She plays Atticus (HAH!) Gage, a bounty hunter in the post-climate collapse future who wanders the wastelands hunting down outlaws. Their biggest crime? “Fossil abuser.” As in, they’re rapists, kidnappers, murderers and slave traders in a world where the air is so foul everybody has to wear filter-masks, even the horses.

Until the star needs her close-up, of course.

“Belching” pollution in the few fossil fuel vehicles left is a no-no, punished by “the authorities,” who pay Gage her bounties. Reluctantly, it turns out. The only difference between her and the cretins she hunts? “I’m still above ground.”

Maybe she inadvertently frees hostages here and there, kills off a quarry up to no good. She’s not responsible for their safe-keeping, getting them to “civilization.”

“Not my problem.”

No wonder the “Doc” (John Hannah of “Four Weddings and a Funeral”) at New Montana (“Population, 24) is her only friend.
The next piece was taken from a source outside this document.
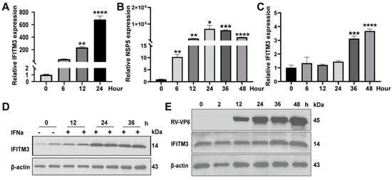 IFNa2b and RV promote the expression of IFITM3. (A) RT–qPCR analysis of IFITM3 in Caco2 cells after being incubated with IFNa2b (5000 U/mL) for the indicated time. (B) RT–qPCR analysis of the strain Wa–NSP5 in Caco2 cells infected with the strain Wa at 0.2 MOI for the indicated time. (C) RT–qPCR analysis of IFITM3 in Caco2 cells infected with the strain Wa at 0.2 MOI for the indicated time. (D) Western blot analysis of IFITM3 in Caco2 cells after being incubated with IFNa2b (5000 U/mL) for the indicated time. (E) Western blot analysis of the strain Wa–VP6 and IFITM3 in Caco2 cells infected with the Wa strain at 0.2 MOI for certain time (A–C) Results represented the mean ± SD and were measured in technical duplicates, n = 3. *, p < 0.05; **, p < 0.01; ***, p < 0.001 and ****, p < 0.0001 (Student’s t test).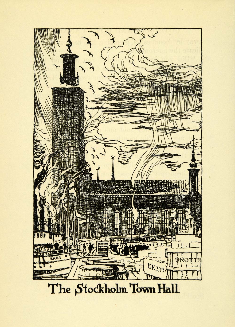 1938 Wood Engraving Stockholm Sweden City Hall Oakley Sverige Stadshus Art XGG1

The never-ending search for powdered silver, useful in the post “Cloud Fall” atmospheric collapse filter masks, means she’s hellbent on catching the biggest outlaw of them all, Jackson ( Ryan Robbins). She’ll just steal the hat and scarf of the black-toothed harpy she just brought in (dead, not alive) and pass herself off as an ally to get close to Jackson, before grabbing him and taking him back to face rough justice and collect her silver bounty.

Jackson’s town has a silver mine which needs slaves and a saloon that needs a torch singer. That’s where Melanie (Stephanie Bennett) fits in, all slinky and sexy because otherwise, the locals would notice that’s not her voice coming out when she sings the blues. Worst. Lip. Sync. Ever.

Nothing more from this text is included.